Task description: The expected output is the full data, repeated exactly, without pictures.

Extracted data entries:
★ ★ ★ ★ ★
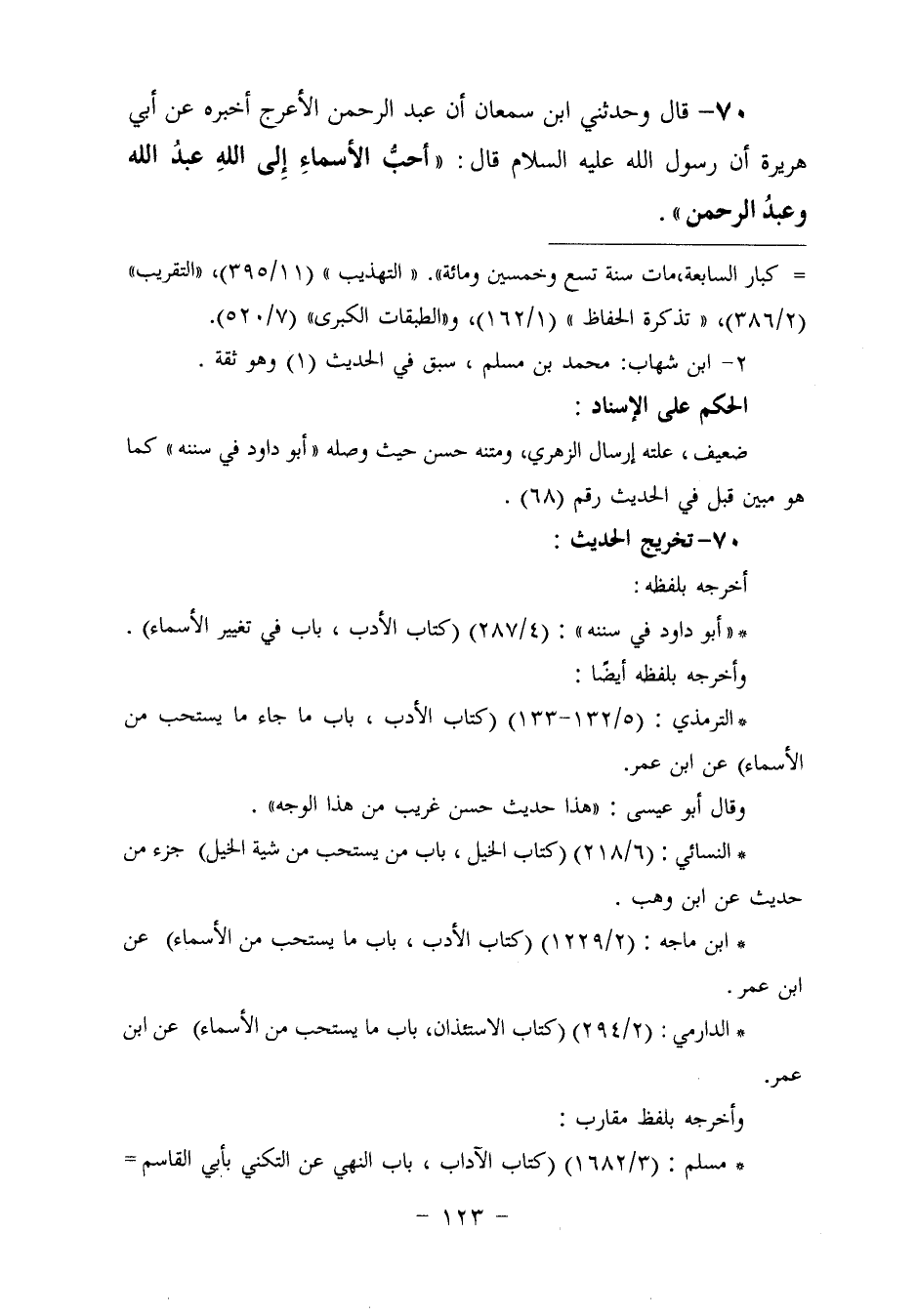 ٧٠ - وَحَدَّثَنِي ابْنُ سَمْعَانَ، أَنَّ عَبْدَ الرَّحْمَنِ الْأَعْرَجَ، أَخْبَرَهُ، عَنْ أَبِي هُرَيْرَةَ، أَنَّ رَسُولَ اللَّهِ عَلَيْهِ السَّلَامُ قَالَ: «أَحَبُّ الْأَسْمَاءِ إِلَى اللَّهِ عَبْدُ اللَّهِ، وَعَبْدُ الرَّحْمَنِ»
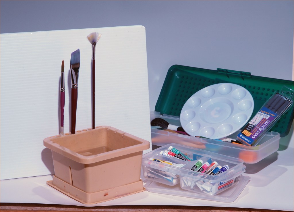 Storage containers: Two small plastic containers with lids, one for your tube paints and another for your other small supplies. All can be kept together in a cloth bag or a box. Whenever you are ready to paint, simply bring out the storage container.
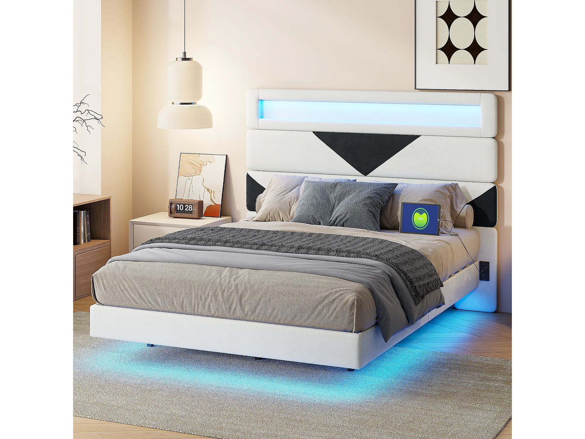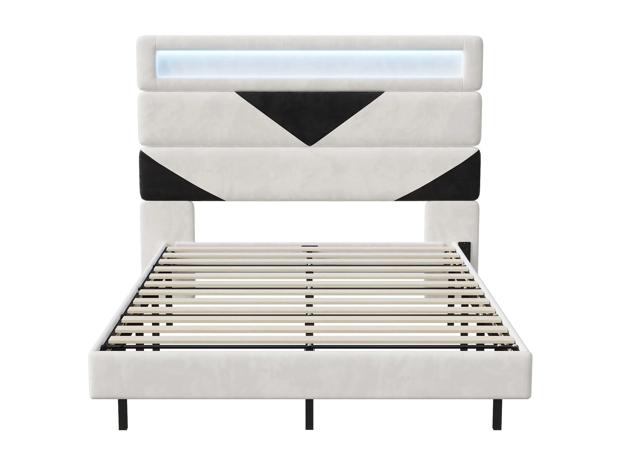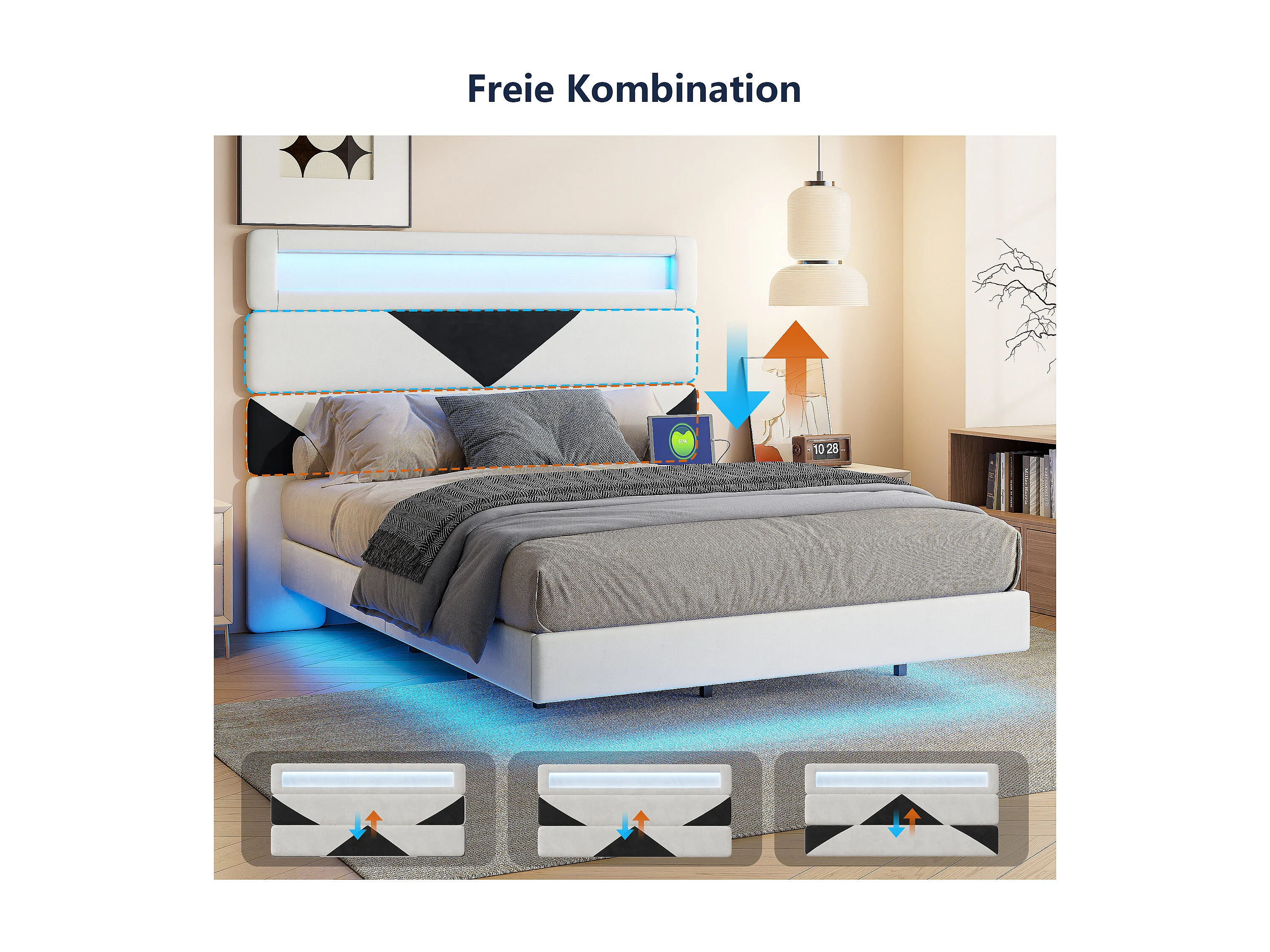 Bett 140x200 cm, MDF, mit USB und LED-Beleuchtung, Erwachsenenbett - Weiß+Schwarz
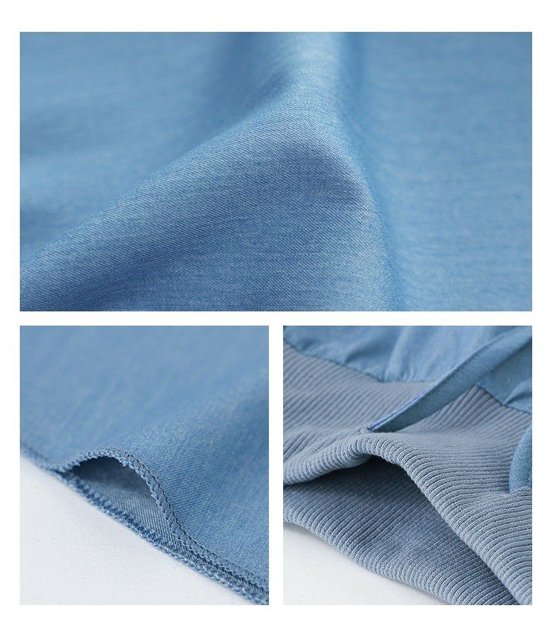さらりとした肌触りの生地を使用。薄手の生地感のため、暑い季節にさらりと着用できます。ウエストのリブ部分は、コットン混で伸縮性がある素材を使用しています。
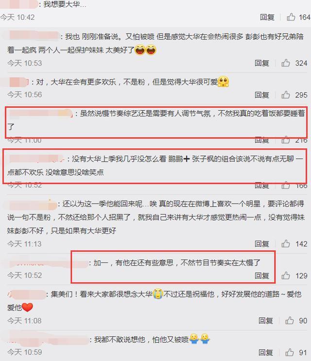 《向往的生活》系列综艺,刚开播的时候是黄磊、何炅、刘宪华的三人组合,在第三季将刘宪华换掉,变成了彭昱畅和张子枫的兄妹组合常驻。何炅和黄磊担任的角色不变,两个成熟稳重的长辈,但彭昱畅和张子枫的常驻却引起了不小的争议。虽然是慢综艺,但仍有网友吐槽,即使是慢综艺,但未免也太没看点了些,更是将矛头对准彭昱畅,张子枫,表示这两个人实在太无聊了。
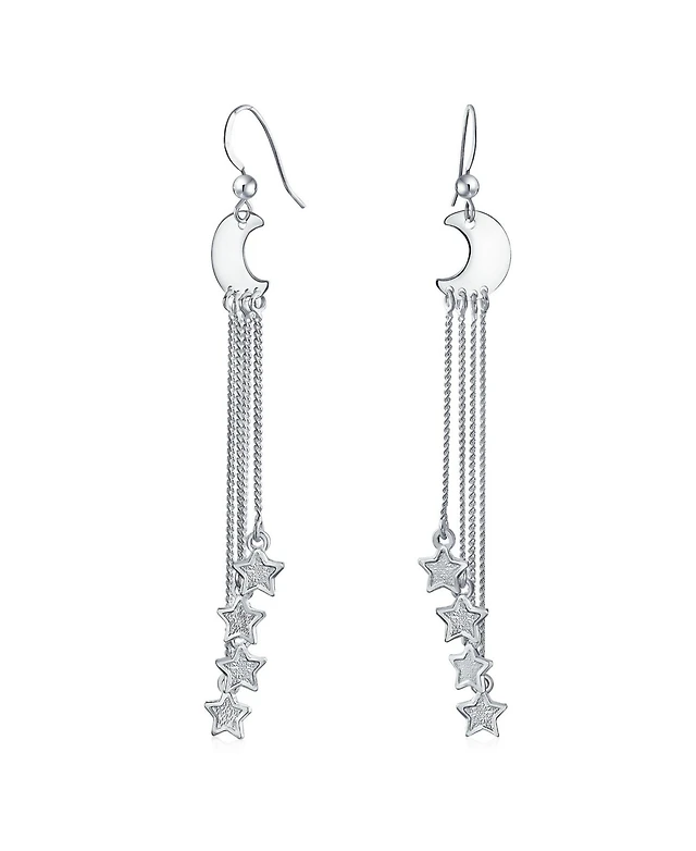 Lab-Created White Sapphire Crescent Moon and Star Mismatch Stud Earrings in Sterling Silver
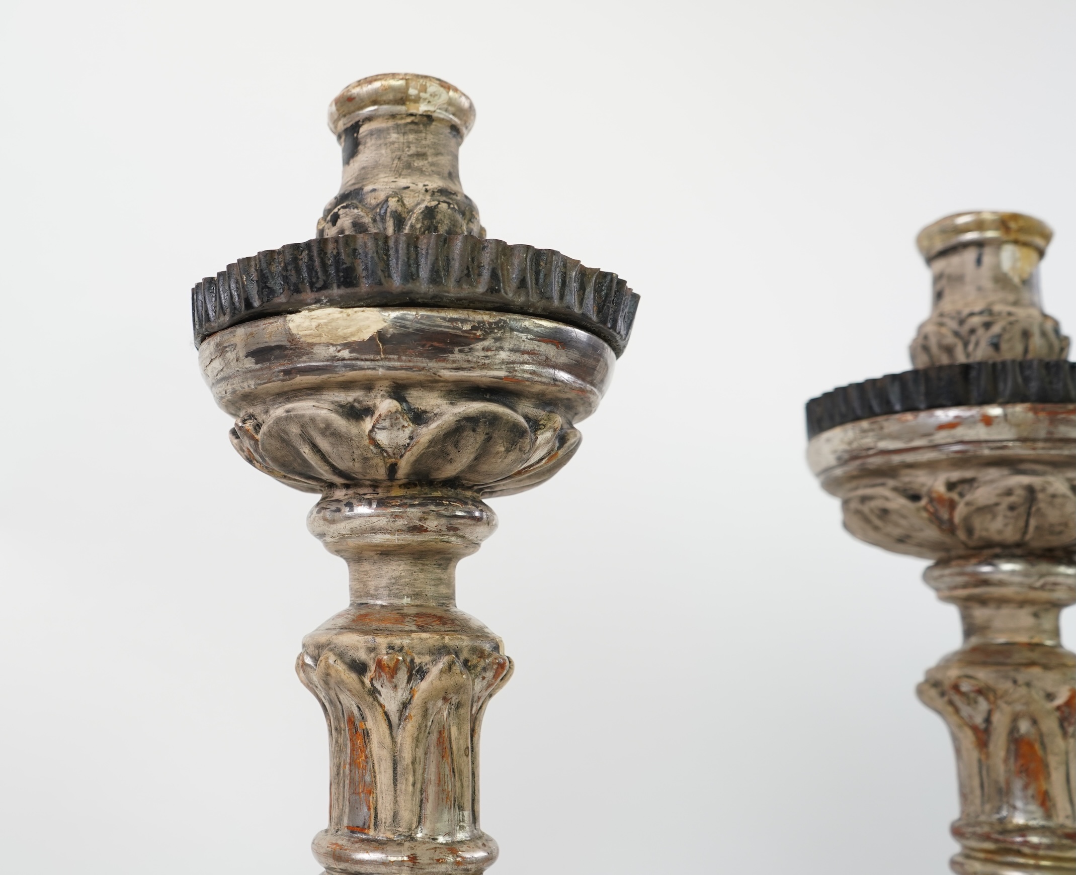Lot 344 , A set of four 18th century Italian silvered wood tall altar candlesticks
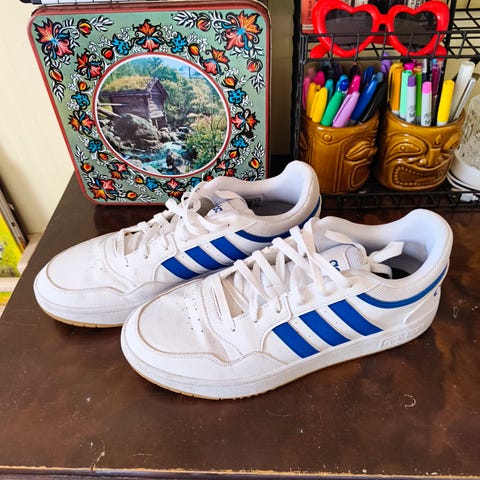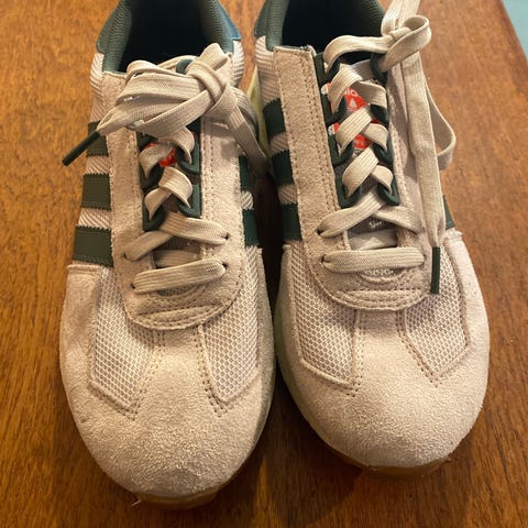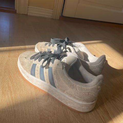 Adidas sneakers i størrelse 41. Skoene har overdel i lys blå/hvit tone med blå Adidas-striper på siden og lys blå lisser. Yttersålen er i gummi med brun/oransje farge. Modellen er en klassisk joggesko/sneaker som passer til hverdagsbruk og lett fritidsaktivitet. Laget i tekstil og syntetiske materialer med polstret hæl og pløse for økt komfort. Sålen har mønster som gir godt grep på underlaget.
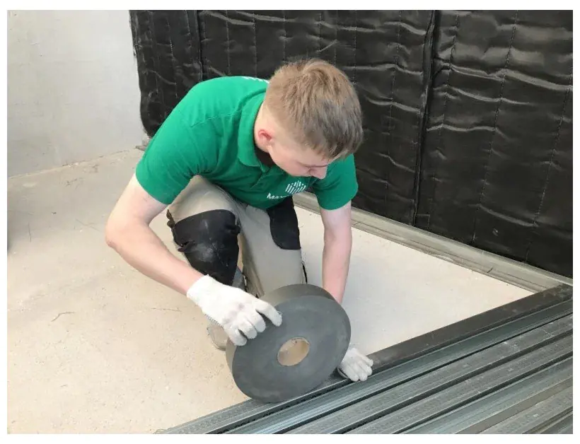 При монтаже каркасных перегородок и облицовок демпфирующая лента используется между профилями каркаса и несущими строительными конструкциями, а также в местах примыкания торцов обшивных листов перегородки (облицовки) к другим строительным конструкциям.
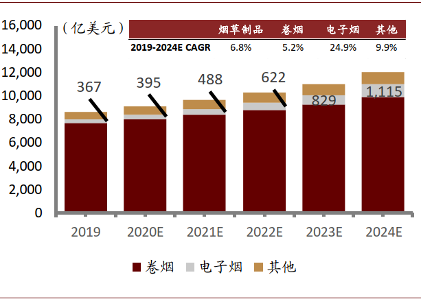 图表: 电子烟是全球烟草市场中增速最快的细分赛道
★ ★ ★ ★ ★
Result of the exercise:
 ٧٠ - وَحَدَّثَنِي ابْنُ سَمْعَانَ، أَنَّ عَبْدَ الرَّحْمَنِ الْأَعْرَجَ، أَخْبَرَهُ، عَنْ أَبِي هُرَيْرَةَ، أَنَّ رَسُولَ اللَّهِ عَلَيْهِ السَّلَامُ قَالَ: «أَحَبُّ الْأَسْمَاءِ إِلَى اللَّهِ عَبْدُ اللَّهِ، وَعَبْدُ الرَّحْمَنِ»
 Storage containers: Two small plastic containers with lids, one for your tube paints and another for your other small supplies. All can be kept together in a cloth bag or a box. Whenever you are ready to paint, simply bring out the storage container.
 Bett 140x200 cm, MDF, mit USB und LED-Beleuchtung, Erwachsenenbett - Weiß+Schwarz
さらりとした肌触りの生地を使用。薄手の生地感のため、暑い季節にさらりと着用できます。ウエストのリブ部分は、コットン混で伸縮性がある素材を使用しています。
 《向往的生活》系列综艺,刚开播的时候是黄磊、何炅、刘宪华的三人组合,在第三季将刘宪华换掉,变成了彭昱畅和张子枫的兄妹组合常驻。何炅和黄磊担任的角色不变,两个成熟稳重的长辈,但彭昱畅和张子枫的常驻却引起了不小的争议。虽然是慢综艺,但仍有网友吐槽,即使是慢综艺,但未免也太没看点了些,更是将矛头对准彭昱畅,张子枫,表示这两个人实在太无聊了。
 Lab-Created White Sapphire Crescent Moon and Star Mismatch Stud Earrings in Sterling Silver
Lot 344 , A set of four 18th century Italian silvered wood tall altar candlesticks
 Adidas sneakers i størrelse 41. Skoene har overdel i lys blå/hvit tone med blå Adidas-striper på siden og lys blå lisser. Yttersålen er i gummi med brun/oransje farge. Modellen er en klassisk joggesko/sneaker som passer til hverdagsbruk og lett fritidsaktivitet. Laget i tekstil og syntetiske materialer med polstret hæl og pløse for økt komfort. Sålen har mønster som gir godt grep på underlaget.
 При монтаже каркасных перегородок и облицовок демпфирующая лента используется между профилями каркаса и несущими строительными конструкциями, а также в местах примыкания торцов обшивных листов перегородки (облицовки) к другим строительным конструкциям.
 图表: 电子烟是全球烟草市场中增速最快的细分赛道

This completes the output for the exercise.